3. De toegepaste anthropologie tracht de kennis van de feiten en het inzicht in hun oorzakelijke factoren aan mens en maatschappij ten goede te doen komen. De eubiotiek houdt zich speciaal bezig met hetgeen voor den individuelen mens van belang is, terwijl de eugenetiek het collectief welzijn tracht te bevorderen.

DR A. DE FROE

Lit.: J. P. Kleiweg de Zwaan, Doelstelling en Ontwikkeling der Anthropologie (Den Haag 1943); A.J. van Bork-Feltkamp, Anthropological Research in the Netherlands (1938) (uitvoerige lit.-opgave) ; W. L. H. Duckworth, Morphology and Anthropology (Cambridge 1915); E. von Eickstedt, Rassenkunde und Rassengeschichte der Menschheit (Stuttgart, 2.

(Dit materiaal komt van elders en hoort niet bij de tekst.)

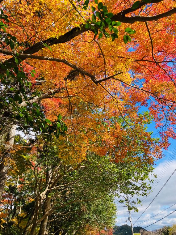 先日、大窪寺に行ったときに綺麗な紅葉を見ることができました!まだすべてが紅葉しているわけではありませんでしたが、緑の葉と赤やオレンジの葉のコントラストが印象的でたくさんの人が紅葉を見に来ていました。お遍路さんもたくさん歩いていて、山奥ながら活気があって楽しかったです!

Aufl.); R. Martin, Lehrbuch der Anthropologie (Jena 1938); E. Pittard, Les Races et l’Histoire (Paris 1924); W. Scheidt, Allgemeine Rassenkunde (München 1925); G. Schwalbe und E. Fischer, Anthropologie (Leipzig 1923); J.

H. van Wieringen, De voorhistorische mensch (Zutphen 1938); Ras Bahadur Sarat Chandra Roy, Principles and Methods of physical Anthropology (Patna 1920) ; H. Plessner, Die Stufen des Organischen und der Mensch (Berlin 1928) ; Paul Haeberlin, Der Mensch, eine philosophische Anthropologie (Zürich 1941).